The Settings API was created in an effort to streamline the  calling for options in WordPress themes and plugins and also, to provide an easy, more secure way to do it. Here, I will present a very simple way to implement this functionality, but that meets all guidelines from the WordPress documentation.

You see, the problem here is that this API exists for almost 2 years and people just tend to stick to what they know and do it   the old way. But that’s wrong for the following reasons:

  • It’s hard
  • It’s not secure
  • The code is a mess

While the Settings API offers:

  • Easyness
  • Hardened security
  • Compatibility with the WordPress Core

So down to business, here’s how we’ll create together a sample options page for your WordPress theme:

Let’s say we’ll make a page with five options: An option that changes the footer copyright text, an intro text to show on the front page, a drop down list to select a category to show as featured on the front page, some radio buttons to choose how we want to main layout to look like, and a checkbox whether to show the autor’s credit links.
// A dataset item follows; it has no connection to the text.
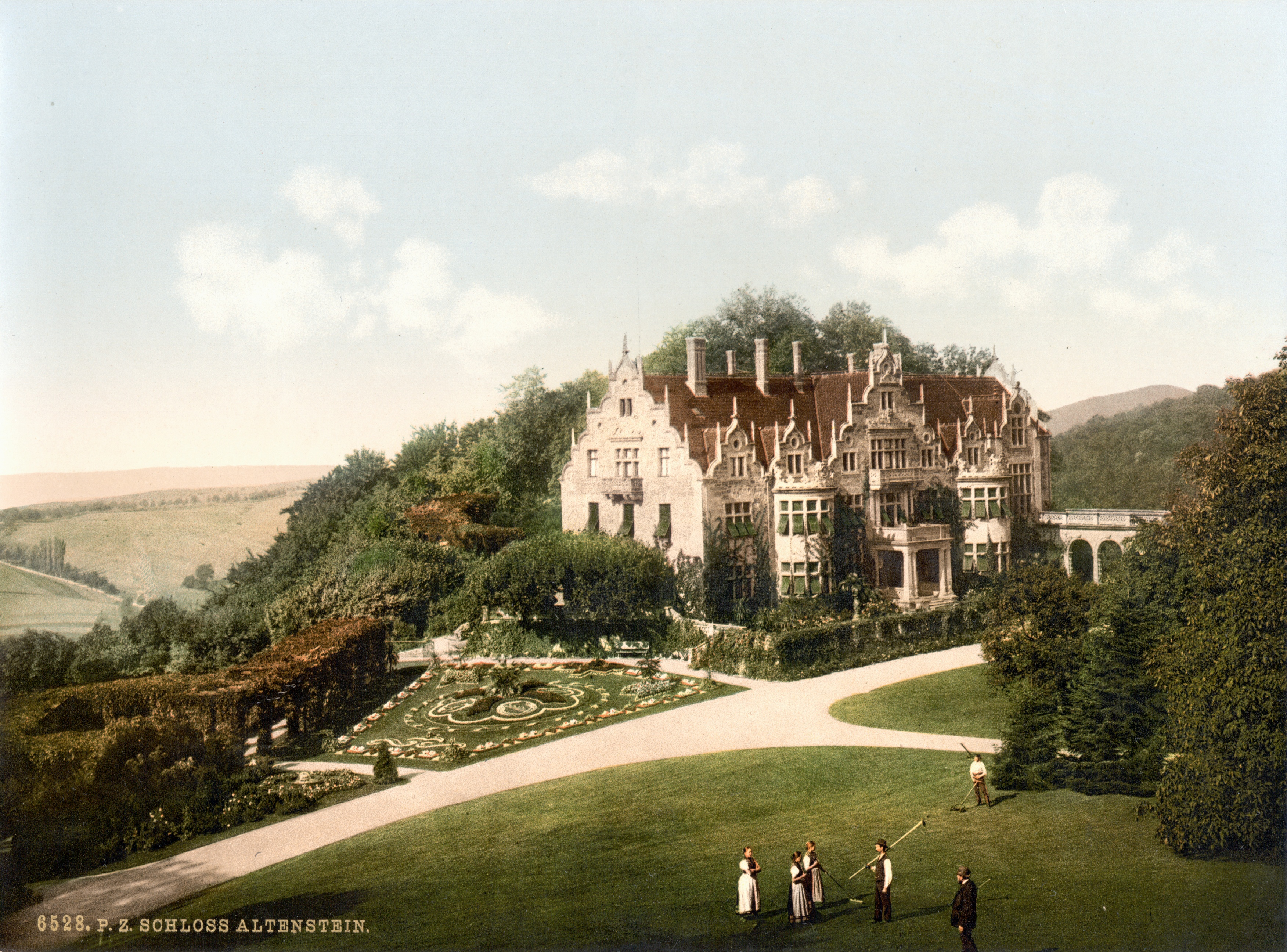 Schloss Altenstein, south-eastern aspect

At the end, we are going to bundle the entire code into a functioning child theme for Twenty Ten called “Settings API”.

We are going to prefix all the function and option names used here with a shortname of our theme, in this case “Settings API”, hence “sa_”. This is to avoid conflicting with plugins that may use similar names.

First, we’ll need to register the options we’ll use, and we’ll do this with the function register_setting, here’s how:

function sa_register_settings() {
	register_setting( 'sa_theme_options', 'sa_options', 'sa_validate_options' );
}

add_action( 'admin_init', 'sa_register_settings' );

The register_setting function needs to be called within a function hooked to the admin_init action or else it will report a call to undefined function error.
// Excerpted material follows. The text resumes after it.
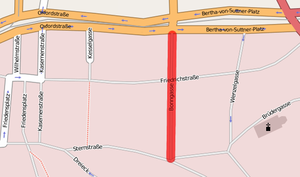 Map highlighting the Bonngasse in Bonn, Germany.

Note: We have registered a single setting, which we will use as an array containing all the settings we need for the theme. This is the recommended way to do it, but individual settings can be registered as well.

Now, here’s what all these parameters mean:

The first parameter is the is the so called options group. This can be set to any string, but all settings belonging to this group will need to be called within the same form, or the ones missing will be voided.
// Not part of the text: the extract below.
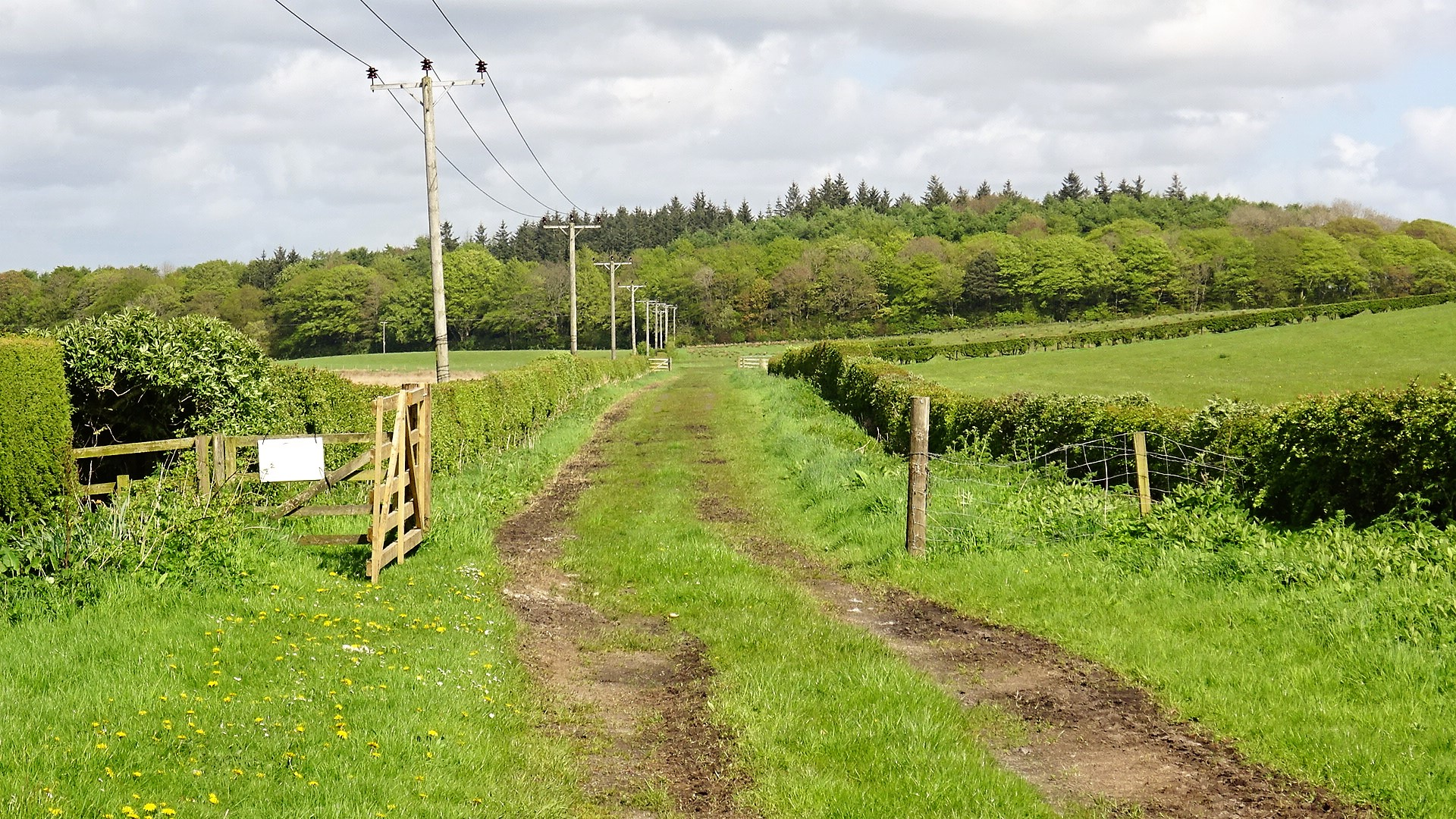 Trackbed of old Blacksyke Tower branch, Earlston, East Ayrshire - view North towards the castle.

The second parameter is the actual setting name, this can also be given any name and it’s the name the setting will be called with.

The third parameter is the name of the function that sanitizes the submitted value, to make sure it’s actually within the declared values and to avoid vulnerabilities such as cross-site scripting also knows as XSS. This step is optional but highly recommended. We’ll get into this later.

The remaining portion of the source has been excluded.